First, define "stateless"? I would not characterized such a system as stateless at all. Even if you're not using sticky sessions (with cache servers/load balancers talking to each other for failover using fairly involved protocols), there's still state that's ephemeral (sessions) in your application server, as well as bulk of the persistent state that's provided with essentially "faith based consistency" (consider typical memcached cluster with client doing consistent hashing -- asynchronously replicated MySQL with failover, etc... -- in case of a failure, neither availability nor consistency are guaranteed).

On the level of protocols design, the whole idea of stateless protocols (REST) vs. stateful ones (sticky load balancers + SOAP, CORBA, RMI, etc...) is by itself a big distributed systems topic.

A web browser talking to a web server is by definition a distributed system. I am typing this as fast as I can, praying not to get the "your link is invalid" error from HN right now -- this a real example of distributed system and cache coherence/consistency/atomicity.

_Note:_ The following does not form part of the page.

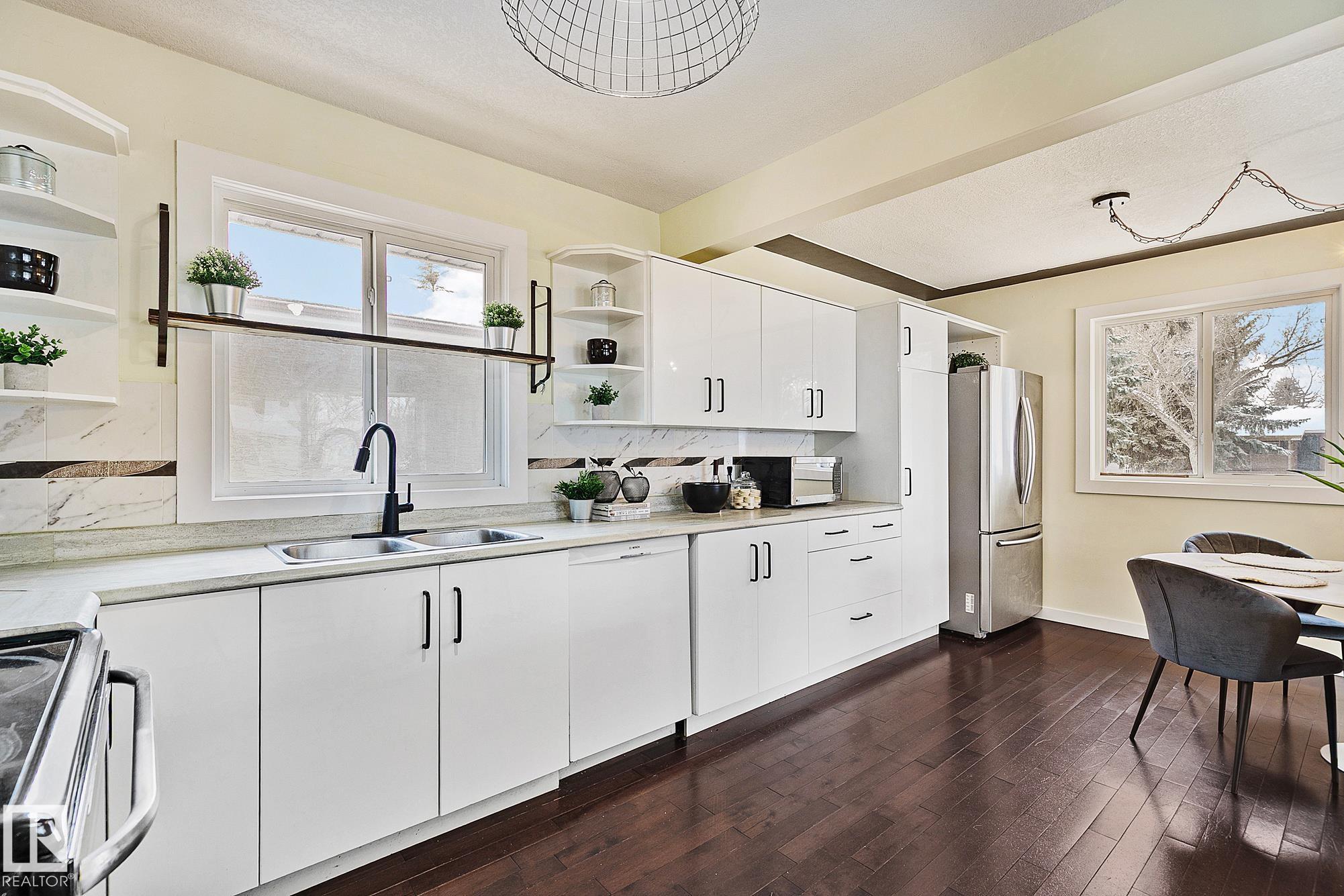Welcome home to this gloriously upgraded bungalow in the historic Highlands! This well maintained home features numerous updates over the last 10-15 years including furnace, sewer line, A/C, fence, deck, pergola, fascia, soffits &added insulation between levels. An open concept kitchen flows into bright ovrszd spaces with streetscape views framed by custom walnut built-ins & a quiet window seat. Great for entertaining. 3 beds & a full bath complete this main level. The fully developed bsmnt offers 3 additional bdrms, full bath, storage, perfectly placed laundry area & still boasts a functional rec space! Ideal for growing families with added long term flexibility on a versatile corner lot. Situated on a mature tree-lined street 3 blocks to the river valley & near Highlands golf course, Concordia, Bodega, Kind Ice Cream & a quick commute to dwntwn. A single detached garage, abundance of backyard fruit trees & private pergola space completes the package! (Fridge in the bsmnt & entertainment unit are incld)!

Here's one paper that deals with just these sorts of question (in context of NFS): ftp://ftp.cs.berkeley.edu/ucb/sprite/papers/state.ps‎

> Re: Chubby and GFS

Original GFS doesn't rely on Chubby, BigTable does however (for metadata). I believe newer versions (Collosus) by extension rely on Chubby as they rely on BigTable.

F1/Spanner, however, use consensus and transactions far more than others and is very interesting in this sense.

[Edit: more elaboration on distributed systems issues in a "stateless" cluster of web servers].

strlen · on Jan 3, 2014

Couple of suggestions:

1) I'd avoid mentioning CAP and FLP impossibility result much further in, this is like starting a discussion of mathematical logic or Computer Science with Godel's Incompleteness Theorem.

I'd definitely cover vector clocks and causality before: you really need this background in order to understand CAP/FLP. You may want to take a look at the approach Vijay Garg takes in his book:

http://www.amazon.com/Elements-Distributed-Computing-Vijay-G...

(E.g., use of vector clocks for proofs)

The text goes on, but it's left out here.